Foi numa escola estadual, mas poderia ter sido numa municipal, em Porto Alegre ou em outra parte, tanto faz; o aluno queria dez pilas para comprar droga, mas poderia ser para comprar pacote de figurinha da Copa, tanto faz. O certo é que nós professores estamos na linha de frente, na linha de tiro. Não eu pessoalmente, que sou um privilegiado por lidar com alunos universitários, que em regra ainda reconhecem naquela figura ali, com o caderno de chamada na mão, alguém que vale a pena ouvir; estou falando da generalidade dos professores.
E quase tanto faz ser de escola particular ou pública: naquela, a agressão do aluno é menos física – trata-se de constranger o professor em sua condição de empregado, que está ali não para educar, mas para paparicar os clientes, que têm a seu lado a razão da grana –; na escola pública, a agressão é menos mediada, mais direta – trata-se de constranger o professor em sua condição genérica de cidadão honrado que traz consigo a tradição, o conhecimento, o mapa da mina, e é pago pelo Estado para oferecer isso tudo às novas gerações. Tem coisa pior que essas duas ordens de constrangimento?
Talvez tenha, e por isso pensei em escrever este texto revoltado. Entre as variáveis sociais e culturais dessa opressão, figuram coisas superiores às forças dos gestores da educação: é o caso da droga, da criminalidade disseminada, das inacreditáveis facilidades que a lei criou para agressores consumados. Isso tudo está fora do nosso alcance. Mas há um inimigo do professor e da educação que está, ou deveria estar, ao alcance do gestor da educação. Esse inimigo é a mentalidade anti-intelectual e anticientífica de grande parte dos pedagogos e dos próprios gestores da educação, em nossos tempos.
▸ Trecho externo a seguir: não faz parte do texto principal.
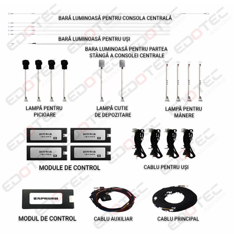 Conductor acrilic, LED-uri RGB incorporate, importate din Taiwan, lumina este difuză și cu protecție pentru ochi. Oferă o experiență de condus mai confortabilă și personalizată pentru proprietarii de mașini.

Sabe onde se esconde esse inimigo? Na recusa à cobrança de conteúdos. No repúdio à prova de conhecimentos. No menosprezo à leitura de livros clássicos. Na ridicularização do professor que quer dar aulas expositivas. No endeusamento de parcialíssimas premissas do dito construtivismo. Na fantasia da aquisição e da construção do conhecimento como coisa indolor e acessível aos que não se esforçam.
Este inimigo – repito, para não comprar a briga errada – é uma mentalidade, que está no poder e que se expressa pela voz dos pedagogos, na maior parte das vezes, e não na dos professores. Combater esse inimigo é parte indispensável da luta pela restauração da dignidade do professor.